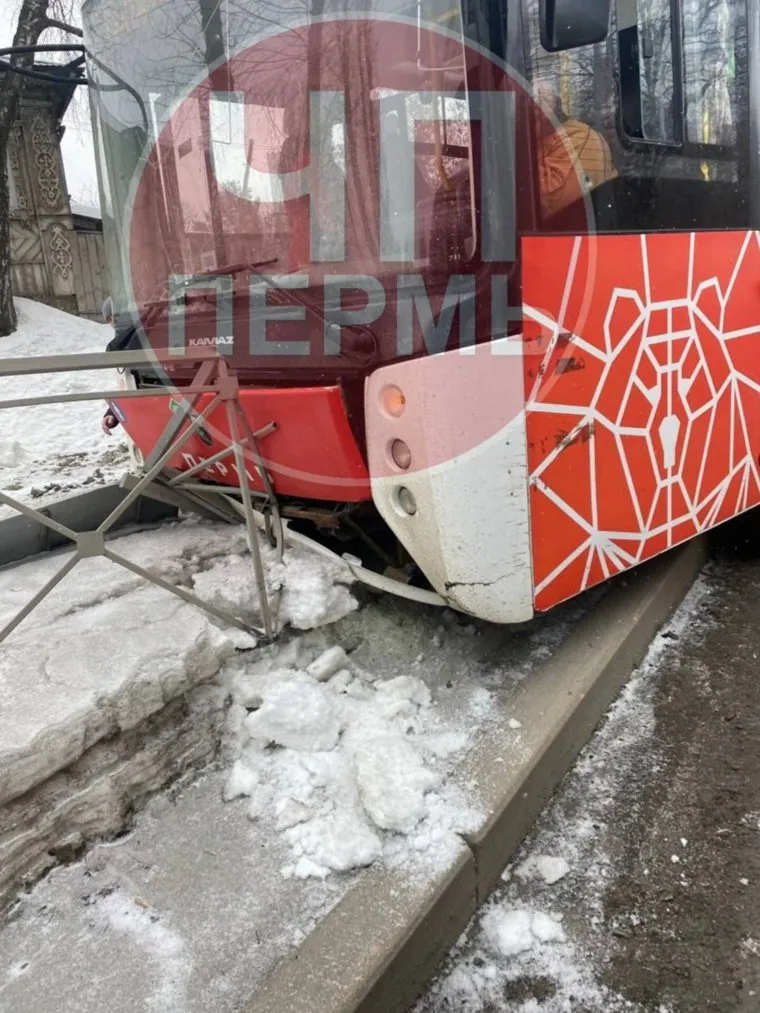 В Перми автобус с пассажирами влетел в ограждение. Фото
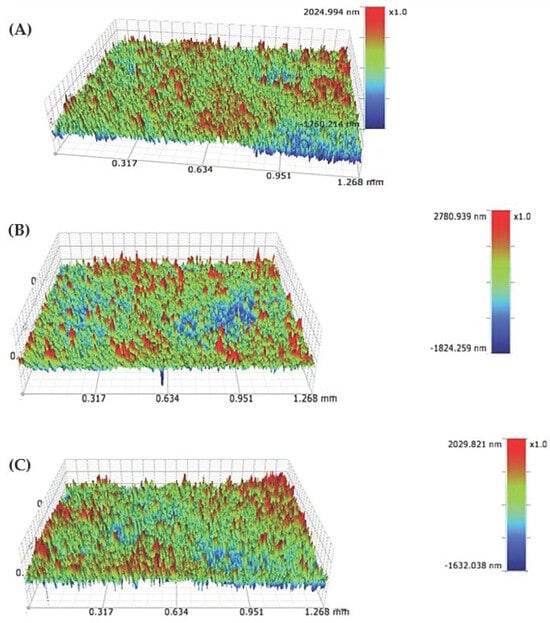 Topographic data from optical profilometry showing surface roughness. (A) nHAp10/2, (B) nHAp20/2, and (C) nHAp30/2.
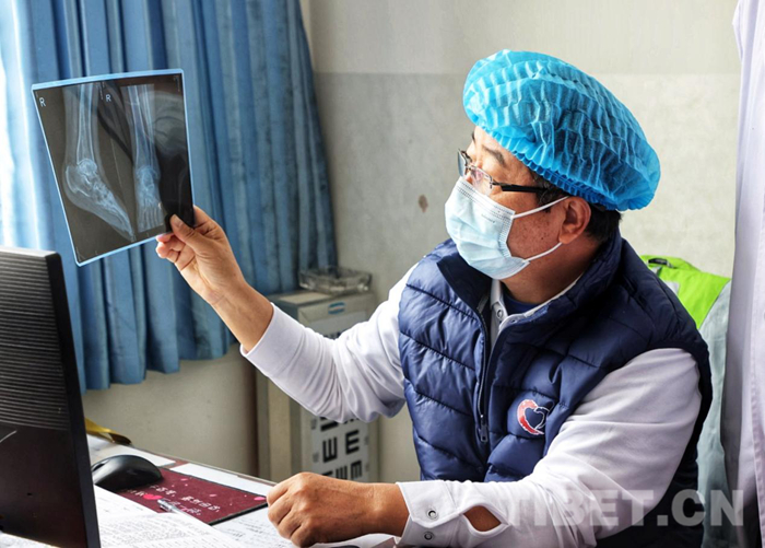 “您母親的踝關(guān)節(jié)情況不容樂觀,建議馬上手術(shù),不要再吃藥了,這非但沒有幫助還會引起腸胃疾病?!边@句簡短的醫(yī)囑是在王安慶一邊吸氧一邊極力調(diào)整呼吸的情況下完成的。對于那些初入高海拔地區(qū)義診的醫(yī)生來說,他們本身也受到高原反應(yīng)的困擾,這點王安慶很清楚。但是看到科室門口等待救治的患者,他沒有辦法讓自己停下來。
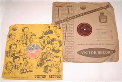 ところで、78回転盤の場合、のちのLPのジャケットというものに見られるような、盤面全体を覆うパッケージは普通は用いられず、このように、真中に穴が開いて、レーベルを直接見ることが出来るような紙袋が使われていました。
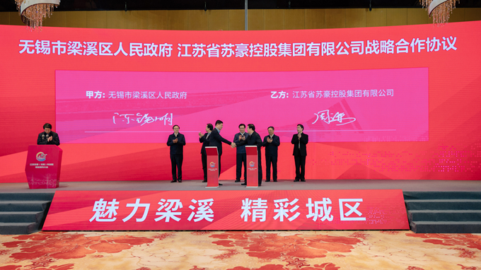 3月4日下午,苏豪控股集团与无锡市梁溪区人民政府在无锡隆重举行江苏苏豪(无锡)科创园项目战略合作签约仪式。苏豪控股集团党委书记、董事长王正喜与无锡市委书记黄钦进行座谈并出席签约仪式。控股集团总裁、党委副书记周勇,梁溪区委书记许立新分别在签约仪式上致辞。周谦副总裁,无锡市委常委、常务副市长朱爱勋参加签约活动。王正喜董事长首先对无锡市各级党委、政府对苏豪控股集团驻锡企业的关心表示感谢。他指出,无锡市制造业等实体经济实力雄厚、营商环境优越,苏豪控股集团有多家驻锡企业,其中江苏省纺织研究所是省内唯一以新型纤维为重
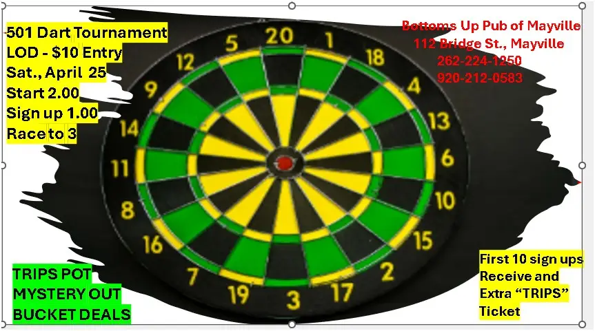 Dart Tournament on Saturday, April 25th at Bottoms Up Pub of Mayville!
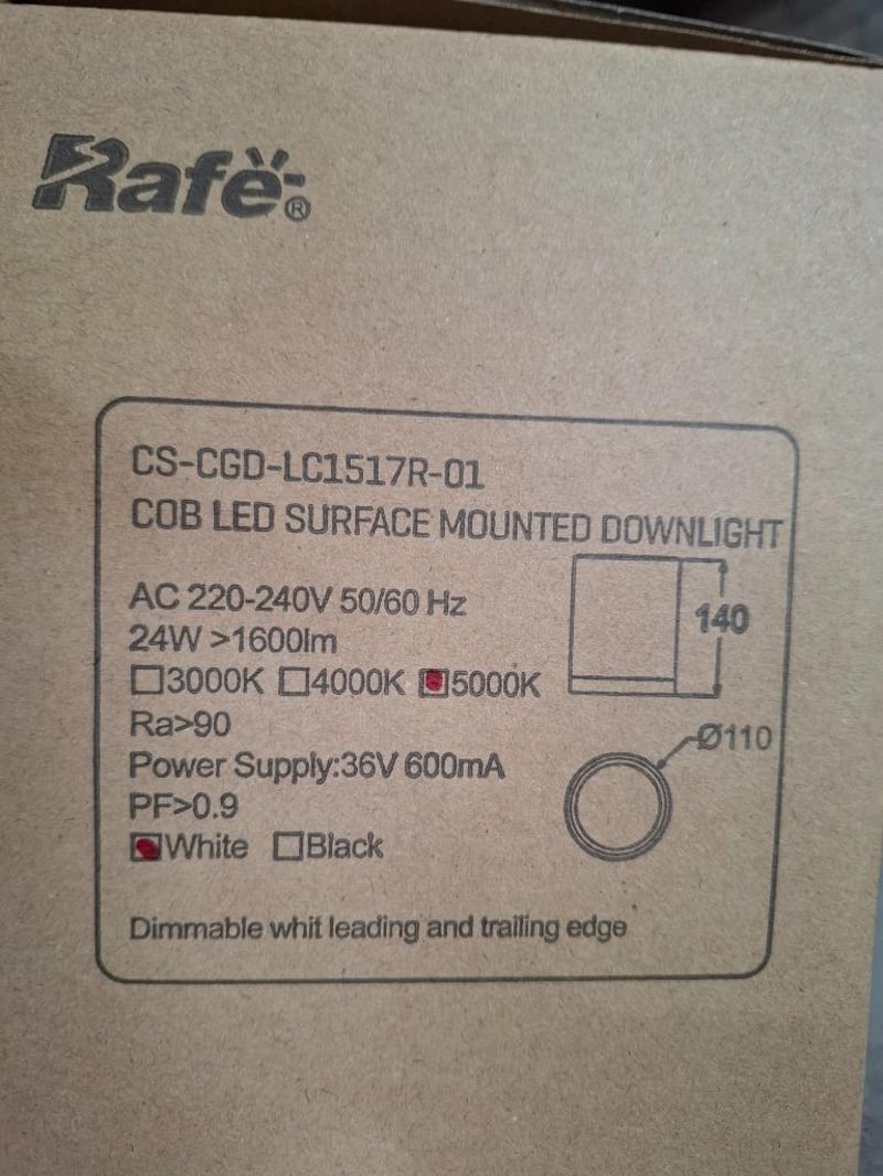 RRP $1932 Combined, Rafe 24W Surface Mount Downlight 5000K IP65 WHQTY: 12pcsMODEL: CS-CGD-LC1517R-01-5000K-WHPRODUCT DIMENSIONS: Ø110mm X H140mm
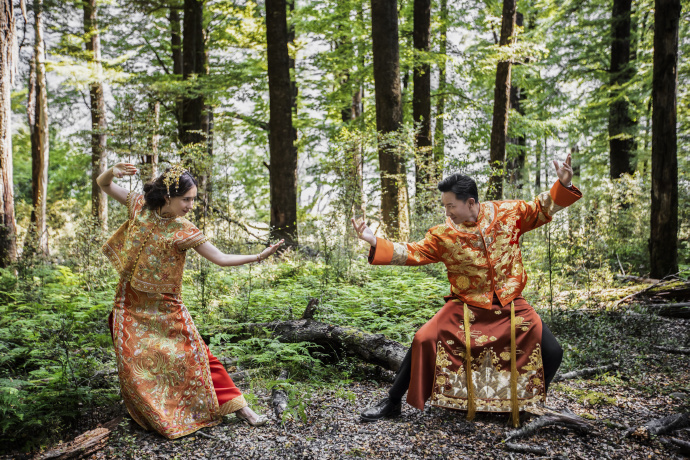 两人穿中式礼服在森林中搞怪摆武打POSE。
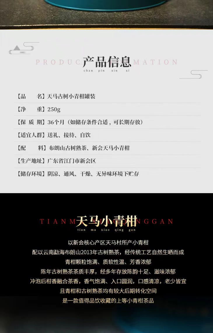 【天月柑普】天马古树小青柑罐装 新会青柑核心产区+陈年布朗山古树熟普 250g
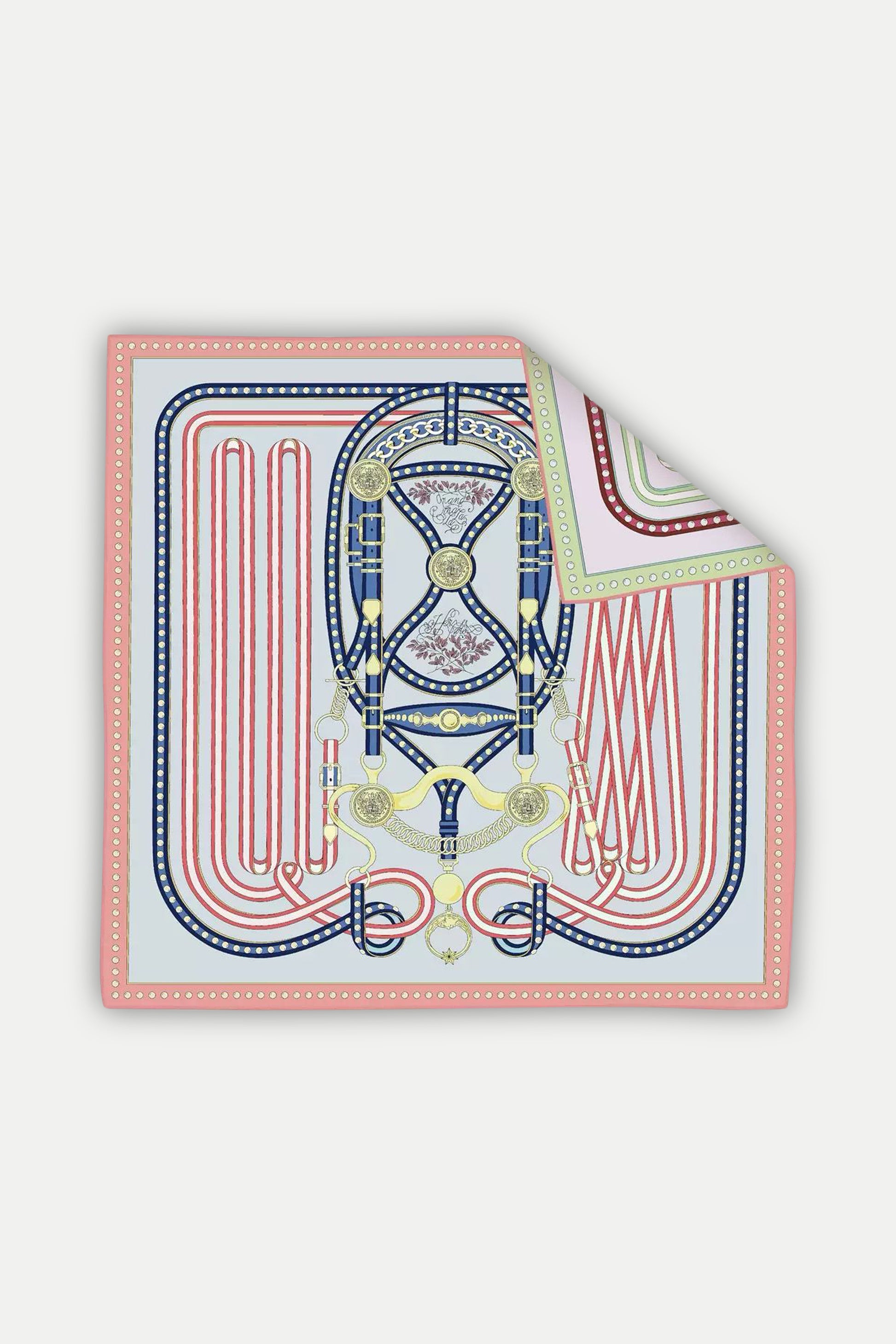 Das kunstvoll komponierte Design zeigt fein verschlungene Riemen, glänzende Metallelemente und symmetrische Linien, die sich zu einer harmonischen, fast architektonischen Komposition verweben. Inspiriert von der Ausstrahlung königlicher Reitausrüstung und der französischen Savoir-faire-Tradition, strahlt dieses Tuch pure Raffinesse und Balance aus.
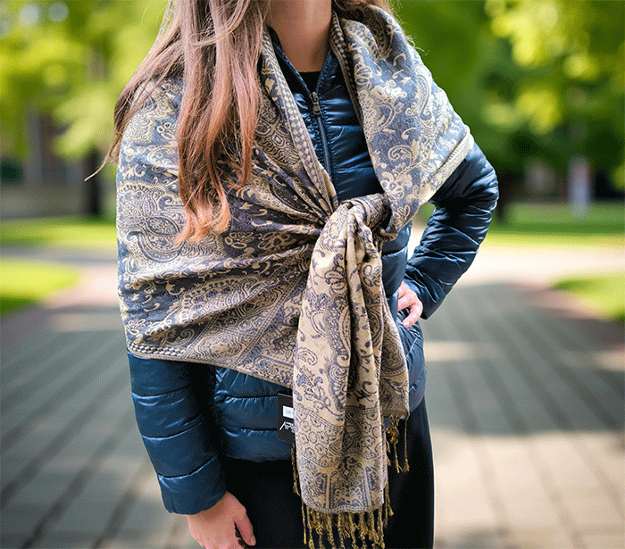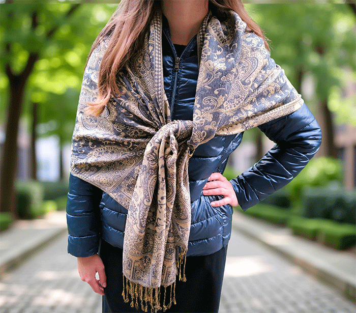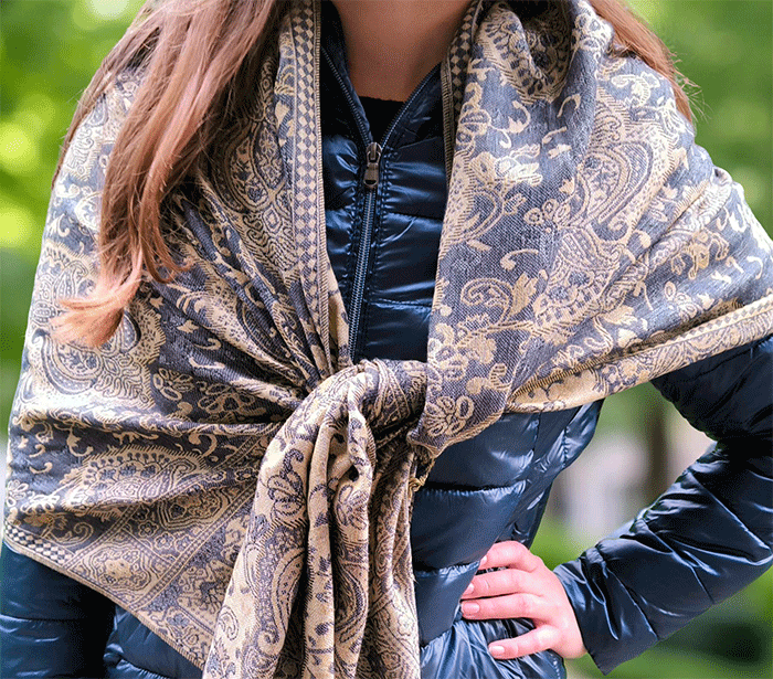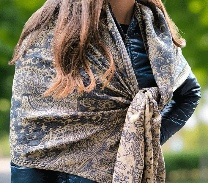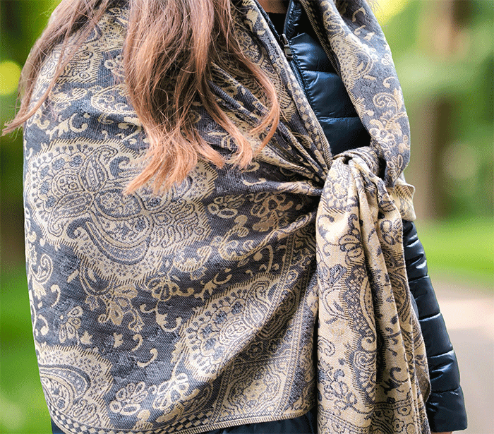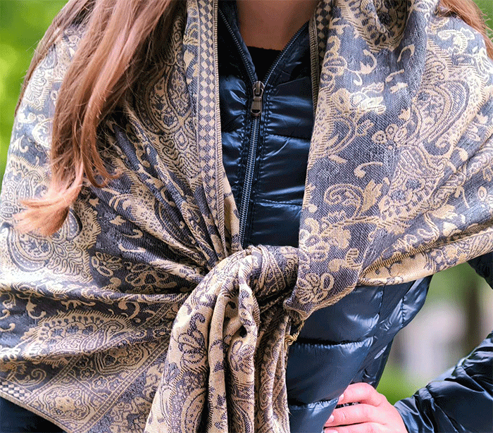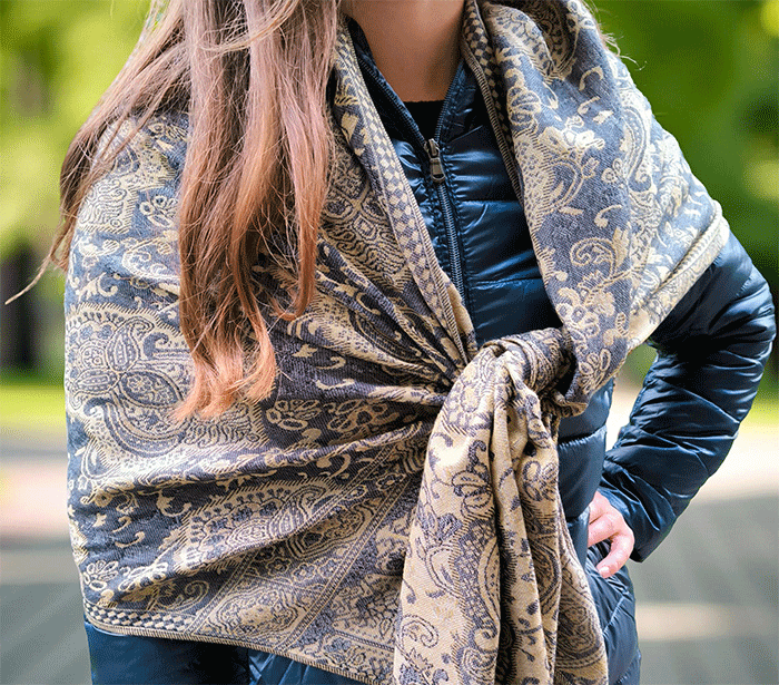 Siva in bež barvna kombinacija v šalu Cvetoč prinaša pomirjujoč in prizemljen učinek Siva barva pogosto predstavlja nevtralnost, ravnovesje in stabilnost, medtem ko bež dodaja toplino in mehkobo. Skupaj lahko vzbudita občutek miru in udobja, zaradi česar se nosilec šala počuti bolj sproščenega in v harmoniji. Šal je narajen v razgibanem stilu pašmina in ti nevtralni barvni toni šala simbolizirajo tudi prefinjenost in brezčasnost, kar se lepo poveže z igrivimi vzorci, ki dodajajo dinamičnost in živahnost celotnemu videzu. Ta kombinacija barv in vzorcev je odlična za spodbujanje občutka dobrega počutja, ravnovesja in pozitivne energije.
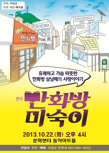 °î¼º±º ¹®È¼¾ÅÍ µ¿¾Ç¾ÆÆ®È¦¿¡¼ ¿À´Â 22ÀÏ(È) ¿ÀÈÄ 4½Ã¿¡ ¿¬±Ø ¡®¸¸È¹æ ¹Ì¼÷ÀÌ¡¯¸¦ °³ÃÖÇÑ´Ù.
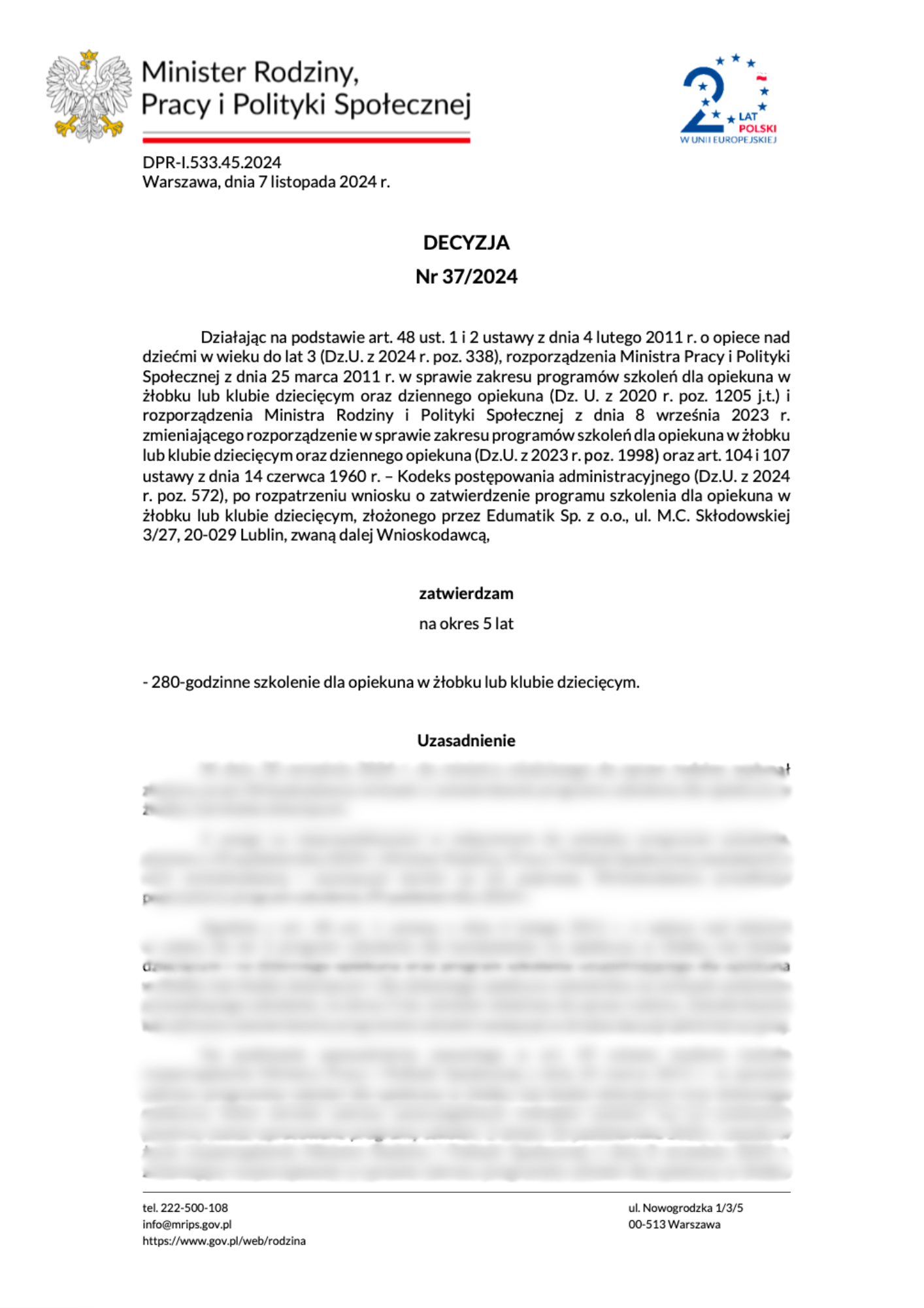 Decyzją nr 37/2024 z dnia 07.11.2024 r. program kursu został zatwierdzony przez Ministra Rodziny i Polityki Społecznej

__What to work on__
What's needed is an exact retyping of the records, pictures excluded.

__Exercise output__
 В Перми автобус с пассажирами влетел в ограждение. Фото
 Topographic data from optical profilometry showing surface roughness. (A) nHAp10/2, (B) nHAp20/2, and (C) nHAp30/2.
 “您母親的踝關(guān)節(jié)情況不容樂觀,建議馬上手術(shù),不要再吃藥了,這非但沒有幫助還會引起腸胃疾病?!边@句簡短的醫(yī)囑是在王安慶一邊吸氧一邊極力調(diào)整呼吸的情況下完成的。對于那些初入高海拔地區(qū)義診的醫(yī)生來說,他們本身也受到高原反應(yīng)的困擾,這點王安慶很清楚。但是看到科室門口等待救治的患者,他沒有辦法讓自己停下來。
 ところで、78回転盤の場合、のちのLPのジャケットというものに見られるような、盤面全体を覆うパッケージは普通は用いられず、このように、真中に穴が開いて、レーベルを直接見ることが出来るような紙袋が使われていました。
 3月4日下午,苏豪控股集团与无锡市梁溪区人民政府在无锡隆重举行江苏苏豪(无锡)科创园项目战略合作签约仪式。苏豪控股集团党委书记、董事长王正喜与无锡市委书记黄钦进行座谈并出席签约仪式。控股集团总裁、党委副书记周勇,梁溪区委书记许立新分别在签约仪式上致辞。周谦副总裁,无锡市委常委、常务副市长朱爱勋参加签约活动。王正喜董事长首先对无锡市各级党委、政府对苏豪控股集团驻锡企业的关心表示感谢。他指出,无锡市制造业等实体经济实力雄厚、营商环境优越,苏豪控股集团有多家驻锡企业,其中江苏省纺织研究所是省内唯一以新型纤维为重
 Dart Tournament on Saturday, April 25th at Bottoms Up Pub of Mayville!
 RRP $1932 Combined, Rafe 24W Surface Mount Downlight 5000K IP65 WHQTY: 12pcsMODEL: CS-CGD-LC1517R-01-5000K-WHPRODUCT DIMENSIONS: Ø110mm X H140mm
 两人穿中式礼服在森林中搞怪摆武打POSE。
 【天月柑普】天马古树小青柑罐装 新会青柑核心产区+陈年布朗山古树熟普 250g
 Das kunstvoll komponierte Design zeigt fein verschlungene Riemen, glänzende Metallelemente und symmetrische Linien, die sich zu einer harmonischen, fast architektonischen Komposition verweben. Inspiriert von der Ausstrahlung königlicher Reitausrüstung und der französischen Savoir-faire-Tradition, strahlt dieses Tuch pure Raffinesse und Balance aus.
 Siva in bež barvna kombinacija v šalu Cvetoč prinaša pomirjujoč in prizemljen učinek Siva barva pogosto predstavlja nevtralnost, ravnovesje in stabilnost, medtem ko bež dodaja toplino in mehkobo. Skupaj lahko vzbudita občutek miru in udobja, zaradi česar se nosilec šala počuti bolj sproščenega in v harmoniji. Šal je narajen v razgibanem stilu pašmina in ti nevtralni barvni toni šala simbolizirajo tudi prefinjenost in brezčasnost, kar se lepo poveže z igrivimi vzorci, ki dodajajo dinamičnost in živahnost celotnemu videzu. Ta kombinacija barv in vzorcev je odlična za spodbujanje občutka dobrega počutja, ravnovesja in pozitivne energije.
 °î¼º±º ¹®È¼¾ÅÍ µ¿¾Ç¾ÆÆ®È¦¿¡¼ ¿À´Â 22ÀÏ(È) ¿ÀÈÄ 4½Ã¿¡ ¿¬±Ø ¡®¸¸È¹æ ¹Ì¼÷ÀÌ¡¯¸¦ °³ÃÖÇÑ´Ù.
 Decyzją nr 37/2024 z dnia 07.11.2024 r. program kursu został zatwierdzony przez Ministra Rodziny i Polityki Społecznej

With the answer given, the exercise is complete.